Until my junior year of high school, I had to have the highest grade in every class, on every assignment. Eventually, I came to realize I could pace myself and earn the score I wanted, higher or lower than someone else. Yes, I would score an “A” but not the highest score.

My undergraduate degrees were traumatic.

My identity was linked to being the best of the best, the student with various academic awards and recognitions. In the honors program at a major university, I was average among those peers… at best.

Unlike other people, I didn’t have the social skills to enjoy the culture of college life. I was on the school newspaper staff and to this day people don’t remember I was a reporter and columnist. (I saved the clips, so at least I have the evidence.)

What was I if I wasn’t an outstanding student? If I wasn’t a section editor on the newspaper staff? If I was merely one of many programmers and consultants in univeristy computing services?

I felt like a failure in college. I still feel like a failure most days.

This isn’t about comparing myself to others, though that doesn’t help. It’s that I know, deep down, that I can and should always do much better on any given task.

No matter how valid the reason is for not being perfect, I dismiss it as an excuse.

Throughout three graduate degree programs, I earned one B+ grade, and that was because I was taking a statistics final right after two eye surgeries and wasn’t in a good place for speed reading or writing.

Think about it.
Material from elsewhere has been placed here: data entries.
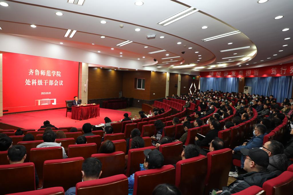 3月3日下午,学校在章丘校区学术报告厅召开全体处科级干部大会,党委书记林松柏出席会议,对2023年工作要点进行了解读安排,并对处级选拔任用工作进行了动员部署。党委副书记赵敏主持会议,校领导、全体处科级干部及二级学院教研室主任参加会议。
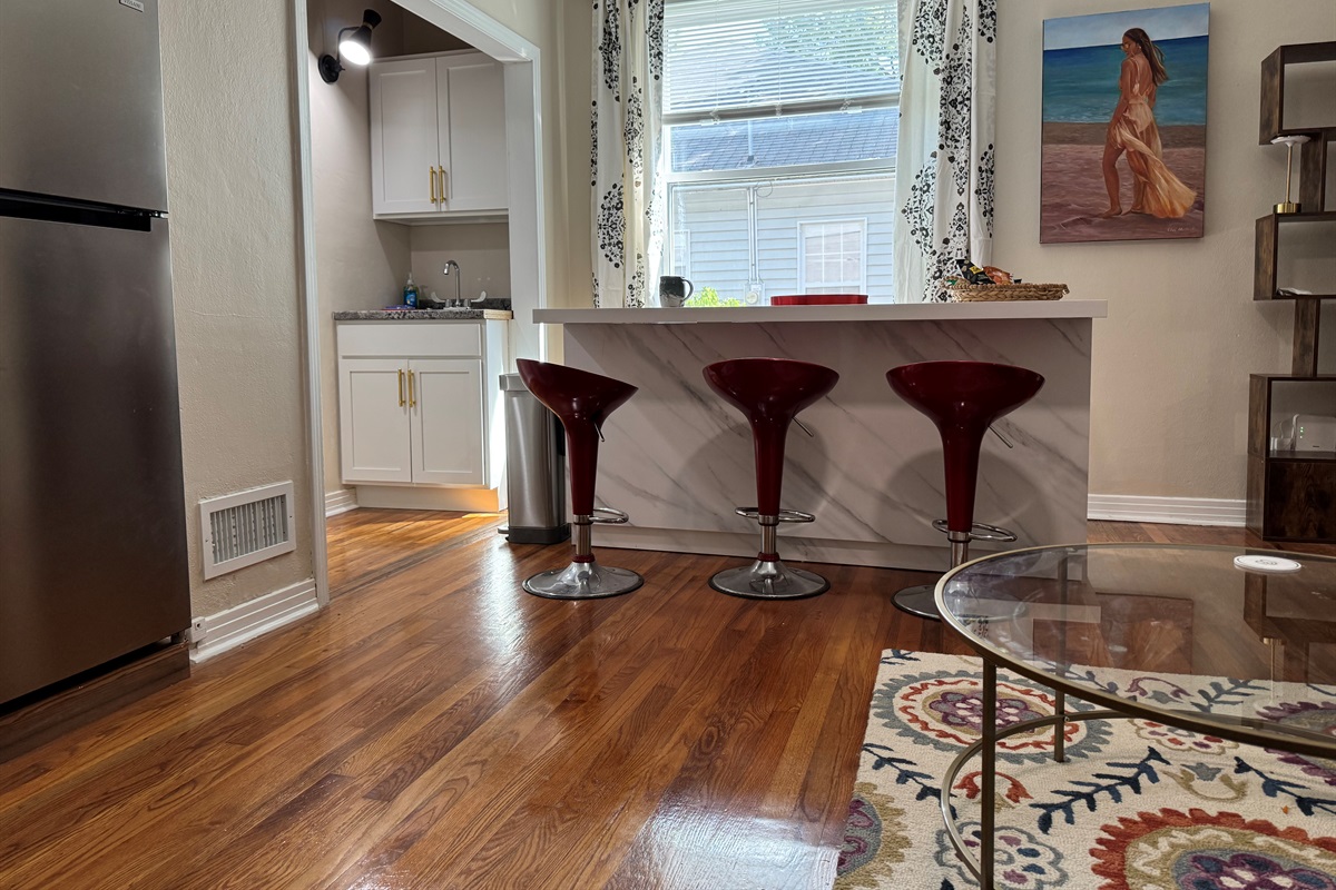 Pine floors in the main living area and vintage grey tile in the bathroom will give you a taste of old Tallahassee, while the comfortable living room and huge island and kitchenette will offer plenty of space to relax, work remotely,
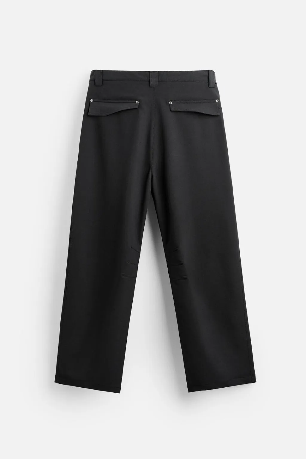 Pantalón flared fit. Bolsillos frontales y detalle de bolsillos traseros de solapa. Detalle de costuras y aplicación de ojales metálicos en perneras. Cierre frontal con cremallera y botón.

I could not see, had been through various medical procedures, was diagnosed with anemia, and I still wasn’t happy with passing the hardest class I have ever taken.
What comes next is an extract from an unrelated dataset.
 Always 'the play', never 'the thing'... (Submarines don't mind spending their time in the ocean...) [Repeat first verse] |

Perfectionism isn’t merely wanting to be good… it is needing to be perfect. It is hating yourself, despising yourself, because there’s no acceptable reason for not scoring 100 on every test, not playing every note perfectly, not being the best at something.

I am haunted by two grades, even though I know I did my best in those courses under the circumstances. Yet, I cannot reason with myself.

Perfectionism is a weakness. It’s a disability. It prevents people from accepting themselves.

Parents and teachers need to take the problems of perfectionism seriously. It’s not enough to tell a student that missing a point or two is okay. Don’t assume the student is going to “get over it” with time.

The Neurodiverse struggle in ways that lead to imperfect work. Being an autistic perfectionist can be a miserable experience.